Jonas Kulhanek et el.

TL;DR
#

Current 3D scene reconstruction methods, such as Neural Radiance Fields (NeRFs) and 3D Gaussian Splatting (3DGS), struggle with real-world data containing occlusions, dynamic objects, and varying illumination. While NeRFs can adapt using per-image embedding vectors, 3DGS faces challenges due to its explicit representation and lack of shared parameters. This necessitates efficient and robust methods for handling such complexities.

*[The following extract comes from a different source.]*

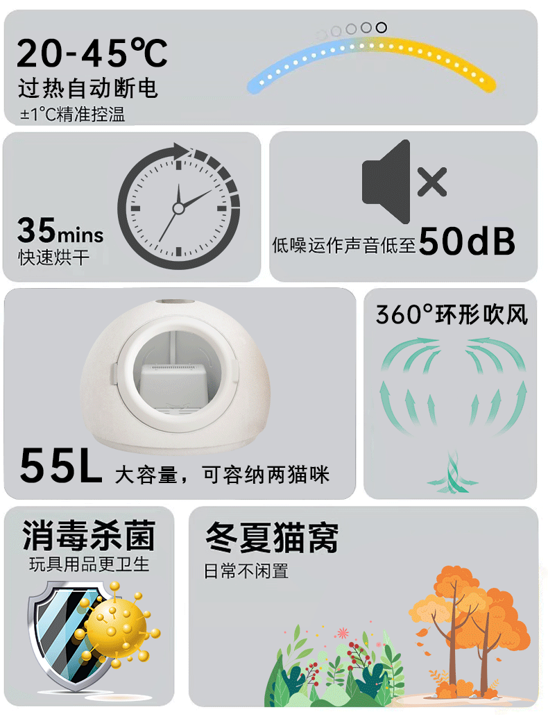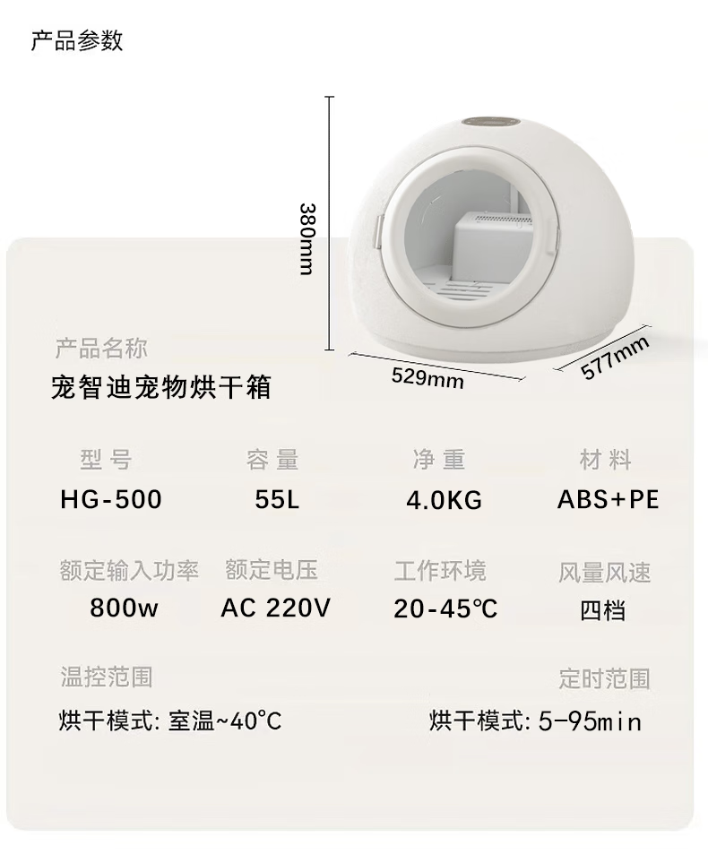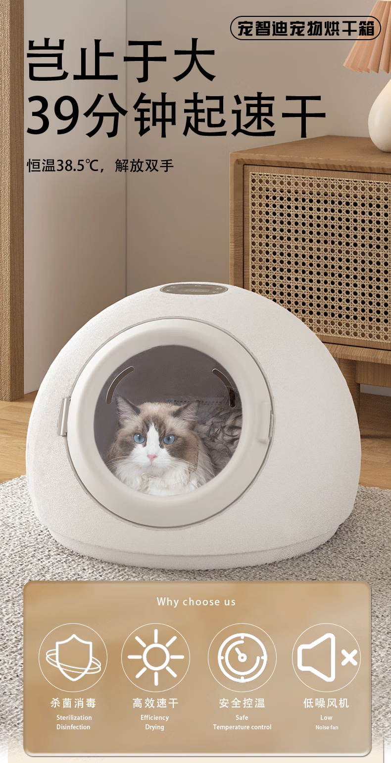 Petzhidi cat dryer household automatic small pet drying box dog bathing blow drying artifact sterilization constant temperature basic model (ultraviolet + oxygen-rich fresh air system)

WildGaussians introduces a novel approach that leverages robust DINO features and integrates an appearance modeling module within 3DGS. This allows for handling occlusions and appearance changes effectively. The method jointly optimizes a DINO-based uncertainty predictor, enhancing robustness to occlusions. Experimental results demonstrate that WildGaussians achieves state-of-the-art performance while maintaining the real-time rendering speed of 3DGS, outperforming both 3DGS and NeRF baselines in handling in-the-wild data.

Key Takeaways
#

Why does it matter?
#

This paper is important because it significantly advances real-time 3D scene reconstruction, a crucial area for various applications like VR/AR, gaming, and robotics. By addressing the limitations of existing methods in handling complex, real-world scenes, this research opens new avenues for creating more realistic and interactive 3D experiences. The improved efficiency and robustness of the proposed approach also has broader implications for research in computer vision and graphics.

Visual Insights
#

🔼 This figure showcases the capabilities of WildGaussians in handling complex scenes. The left side demonstrates its ability to extend 3D Gaussian Splatting (3DGS) to manage scenes with variations in appearance and lighting conditions. The right side highlights the joint optimization of a DINO-based uncertainty predictor to effectively address occlusions within the scene, thus producing a more accurate and robust 3D reconstruction.
read the caption
Figure 1: WildGaussians extends 3DGS [14] to scenes with appearance and illumination changes (left). It jointly optimizes a DINO-based [27] uncertainty predictor to handle occlusions (right).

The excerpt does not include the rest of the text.